In this project we will develop new methods to investigate the three dimensional arrangement of the genome in various cell types from mouse bone marrow. The three dimensional organization of the genome, how it is physically arranged in the nucleus of cells, is recognized as an important component of genome control. The mechanisms by which genes get switched on and off in the correct cells or tissue type, and during the correct stages of development include changes in the spatial organization of the genome. We will develop a new method that can assess three dimensional genome organizations in thousands of individual cells and simultaneously measure the actual gene expression profile of a large number of those cells. We will systematically analyze the data mathematically and statistically to look for new principles of genome organization that may play unknown roles in controlling the genome in health and disease. We will also use the data to generate 3D computer models of individual chromosomes and the entire genome as it exists in the individual cell nucleus. We will then use these models to look for spatial patterns, recurring structures and variable structured regions of the genome that may be important in gene control. For these experiments we will use mouse bone marrow cells, which are an important representative of human bone marrow cells. Bone marrow is a clinically important, complex tissue containing the adult stems cells that give rise to all cells of the blood and immune system. By systematically analyzing the 3D genome conformation and gene expression profiles of these important cell types we will be providing fundamental knowledge of how these cell types function to create the blood. We will cooperate with other research groups to ensure that they have access to these powerful technologies and computer analysis packages that will accelerate a fuller understanding of how the genome is controlled.
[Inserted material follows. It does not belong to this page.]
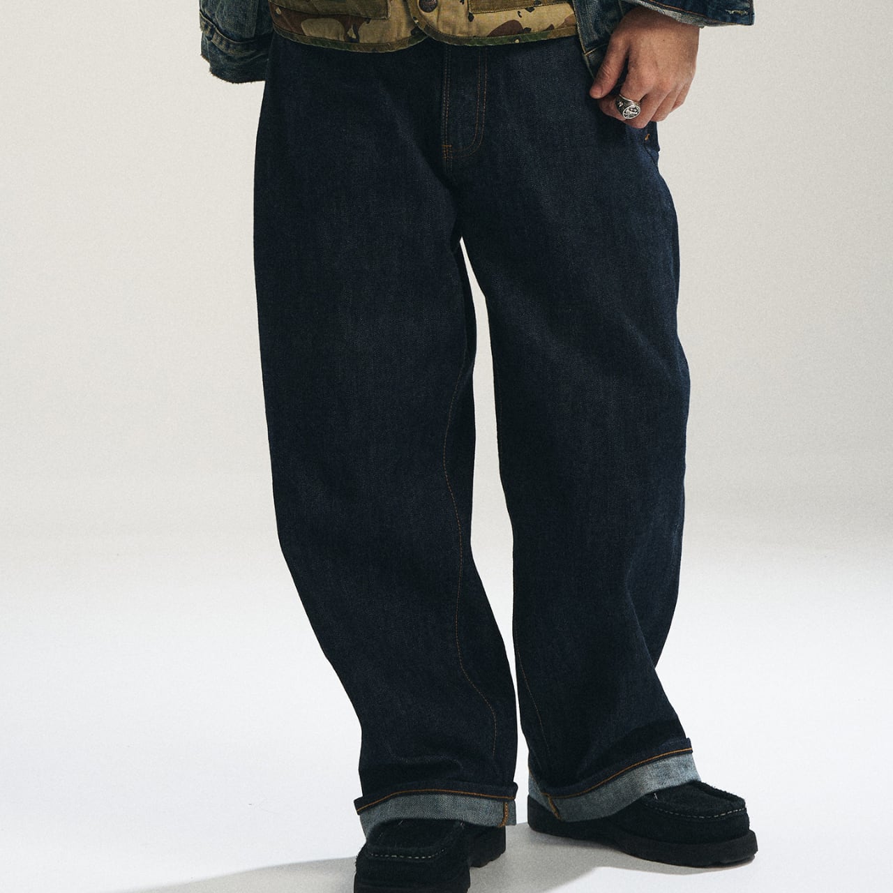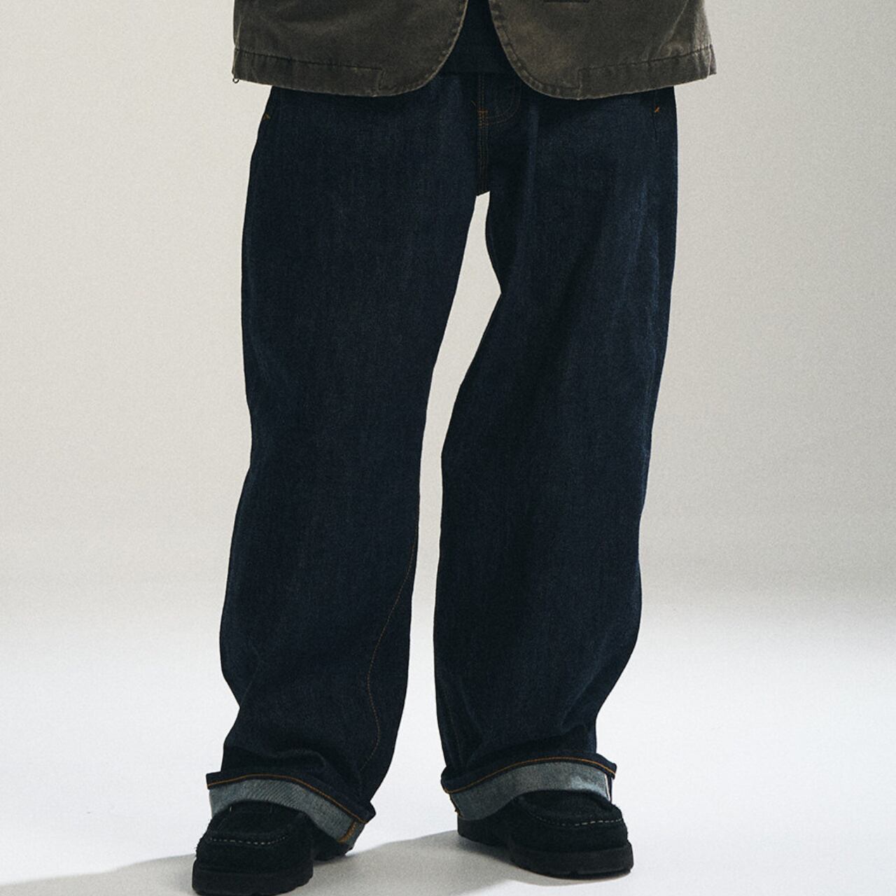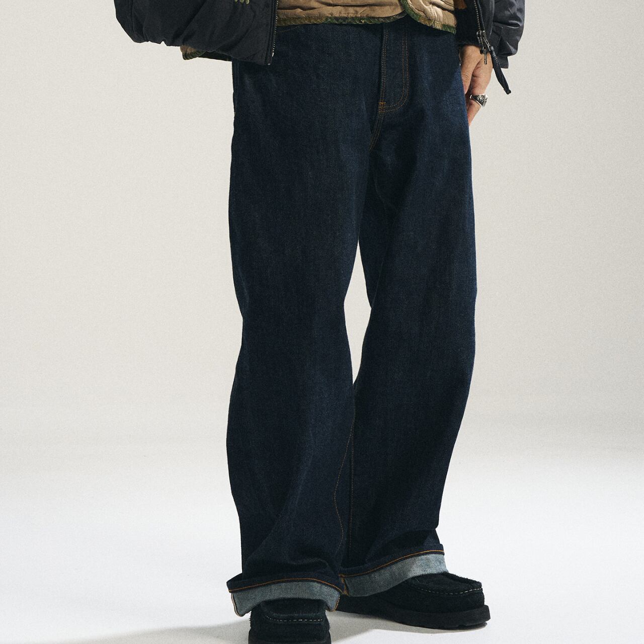 14.2ozの本格セルヴィッジデニムを使用した、クラシックな佇まいのワイドストレートジーンズ。

This information is vital to design new effective therapeutic strategies for the treatment of diseases of the blood and other tissues, and to understand the molecular basis of cancers for more effective treatments and prevention.
A complete picture of how our genomes are controlled is a major aim in Biology since our genomes contain the information that determines who we are. Understanding how the genome works is essential to promote health, and to design and apply the appropriate treatments in diseases and cancer.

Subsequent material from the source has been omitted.